• **TO DO**: Set down each line of the material that follows, exactly, with no pictures.

• **SUPPLIED DATA**:
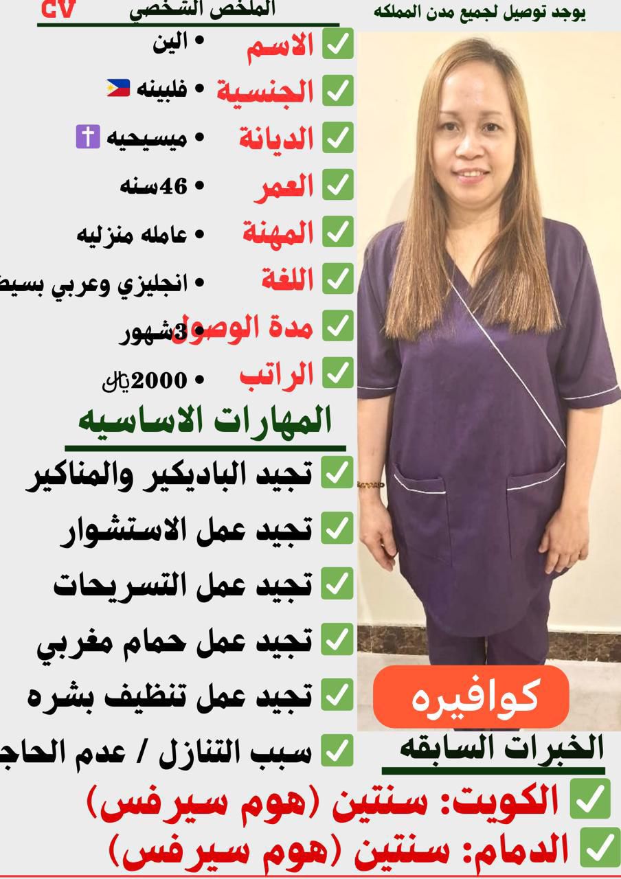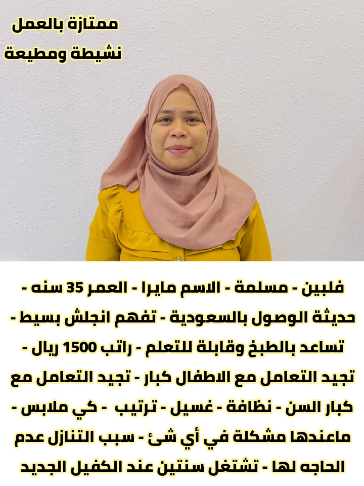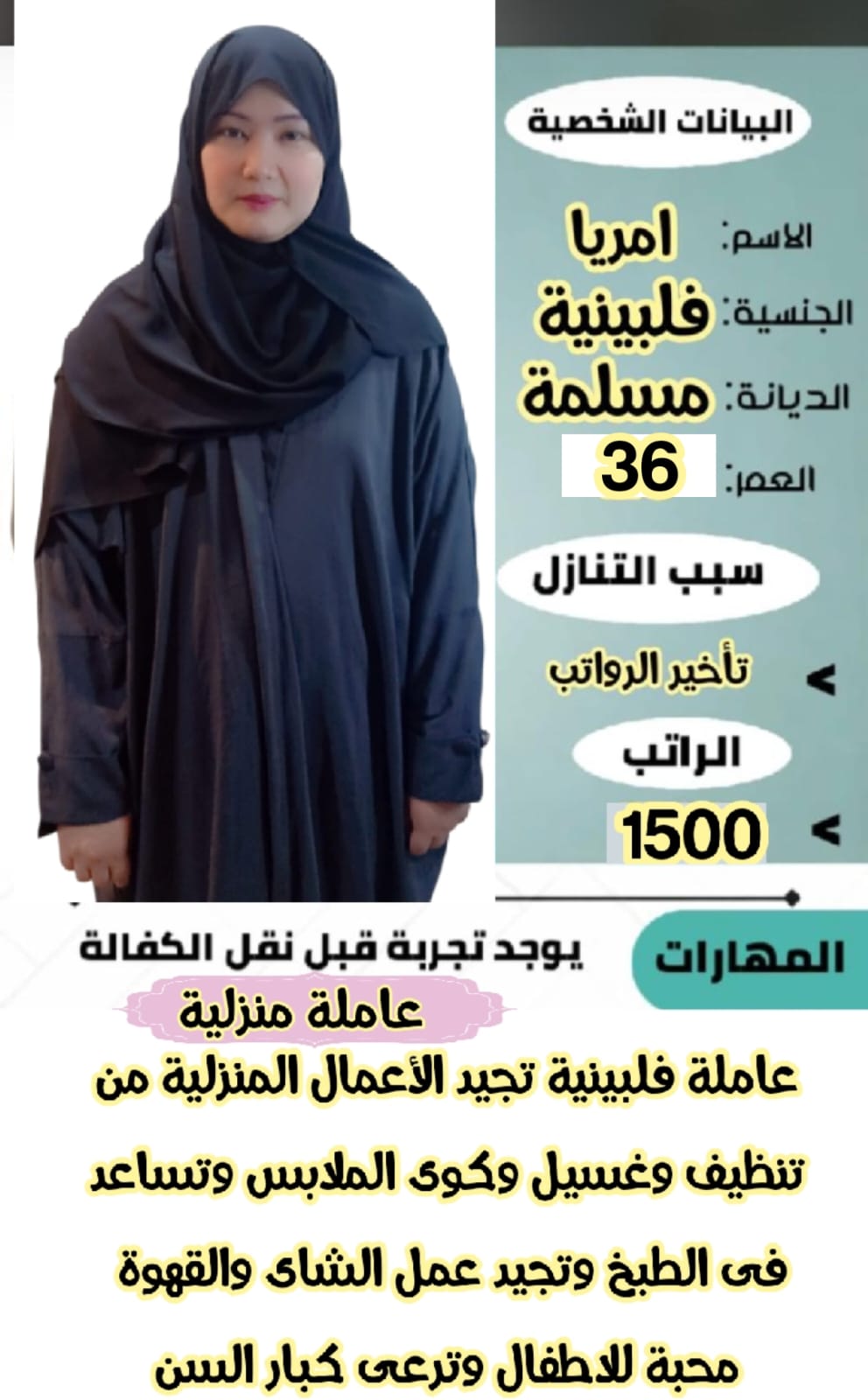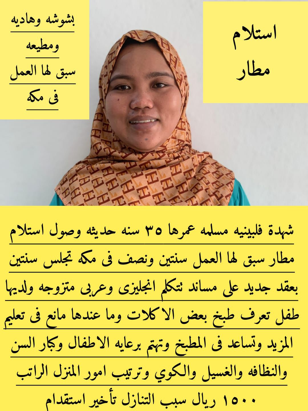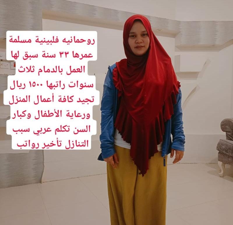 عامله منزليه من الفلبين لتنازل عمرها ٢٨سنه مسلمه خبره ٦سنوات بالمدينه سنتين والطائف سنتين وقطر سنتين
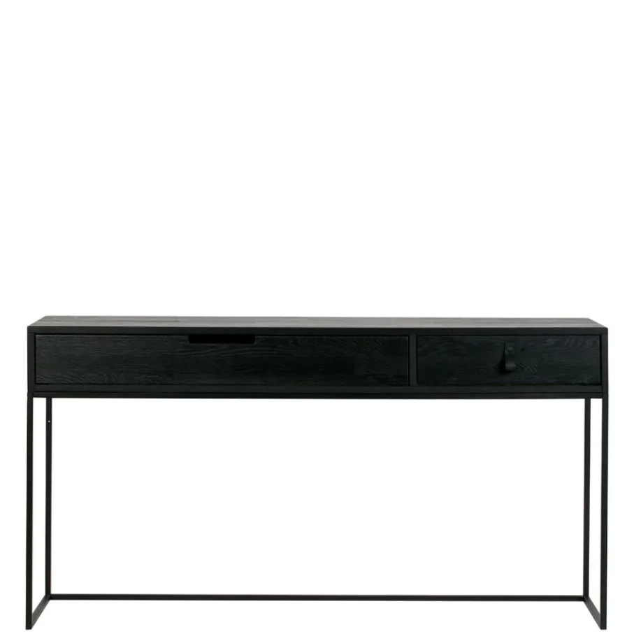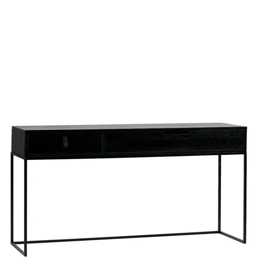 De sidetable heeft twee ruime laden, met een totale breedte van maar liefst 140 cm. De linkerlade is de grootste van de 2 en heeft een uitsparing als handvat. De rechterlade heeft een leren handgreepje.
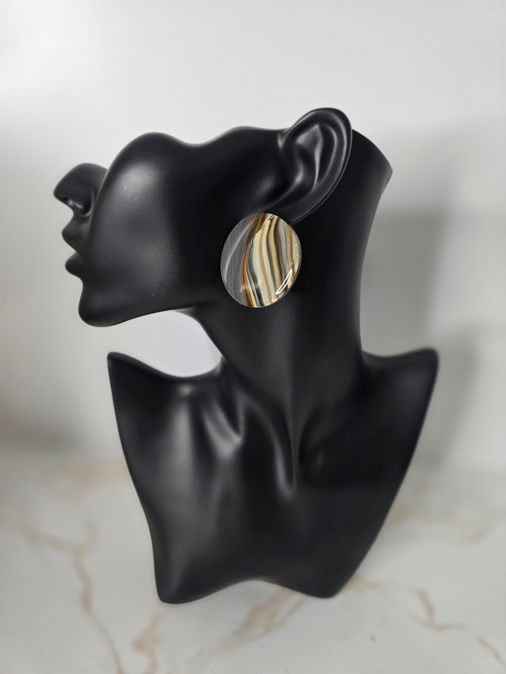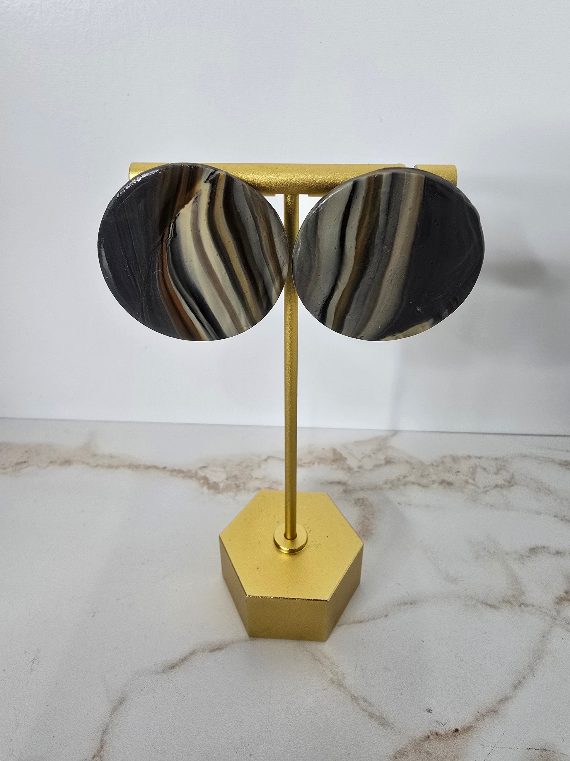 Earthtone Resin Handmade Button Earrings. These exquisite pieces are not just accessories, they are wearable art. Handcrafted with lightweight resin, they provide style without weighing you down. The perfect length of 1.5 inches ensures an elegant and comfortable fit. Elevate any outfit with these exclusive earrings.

• **RESPONSE**:
 عامله منزليه من الفلبين لتنازل عمرها ٢٨سنه مسلمه خبره ٦سنوات بالمدينه سنتين والطائف سنتين وقطر سنتين
 De sidetable heeft twee ruime laden, met een totale breedte van maar liefst 140 cm. De linkerlade is de grootste van de 2 en heeft een uitsparing als handvat. De rechterlade heeft een leren handgreepje.
 Earthtone Resin Handmade Button Earrings. These exquisite pieces are not just accessories, they are wearable art. Handcrafted with lightweight resin, they provide style without weighing you down. The perfect length of 1.5 inches ensures an elegant and comfortable fit. Elevate any outfit with these exclusive earrings.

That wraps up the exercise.